Ashmore Group has suffered a drop in its assets under management in the three months ending September, a result of both negative
investment performance and outflows.
The specialist emerging markets asset manager reports assets under management of $71.3 billion (€56.3 billion), a decline of $3.7 billion since the end of June. The drop is attributed to negative investment performance of $3.4 billion and net outflows of $0.3 billion.
Overlay/liquidity strategies suffered the largest outflows, losing a quarter of its assets under management over the three-month period. Multi-strategy lost 18.5%, equities 14.8% and alternatives 12%.
In contrast, local currency, blended debt and corporate debt themes each attracted net inflows. Bonds across all fixed income themes performed reasonably well, Ashmore Group says, but the strengthening dollar affected local currency returns, weakening investment performance in local currency and blended debt.

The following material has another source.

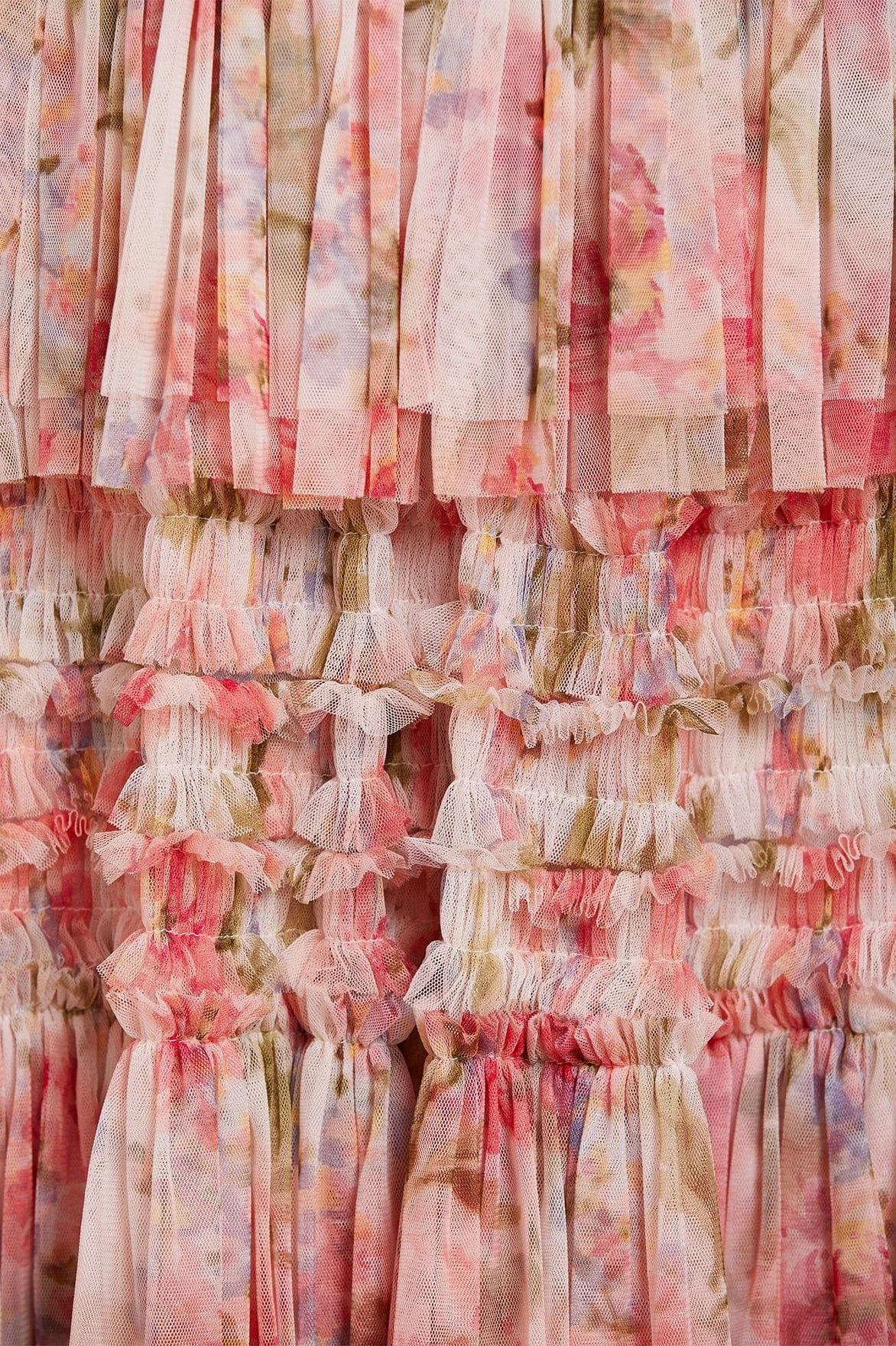 The Summer Song Candice Gown in Moonshine / Pink. This statement gown is beautifully printed with a romantic, floral artwork in sunset colours of dusk. This gown features whimsical ruffles and layered frills, creating a flattering look. Designed with a soft, layered tulle net for a romantic silhouette as you walk. Make the ultimate statement in this show-stopping gown.

Although subscriptions maintained a similar level to the same period last year, increasing redemptions towards the end of the period resulted in a net outflow between the end of June and end of September.
Mark Coombs, chief executive officer, Ashmore Group, says: “The decline in assets under management over the quarter reflects predominantly the correction in markets towards the end of the period, driven by US dollar strength.
“Against this backdrop, the fundamentals in emerging markets continue to be supportive and many of the market uncertainties of the past year are being resolved.”
Coombs adds that more positive global developments, such as favourable reforms in some emerging market countries, may provide opportunities for Ashmore’s investment processes to take on risk in search of long-term performance.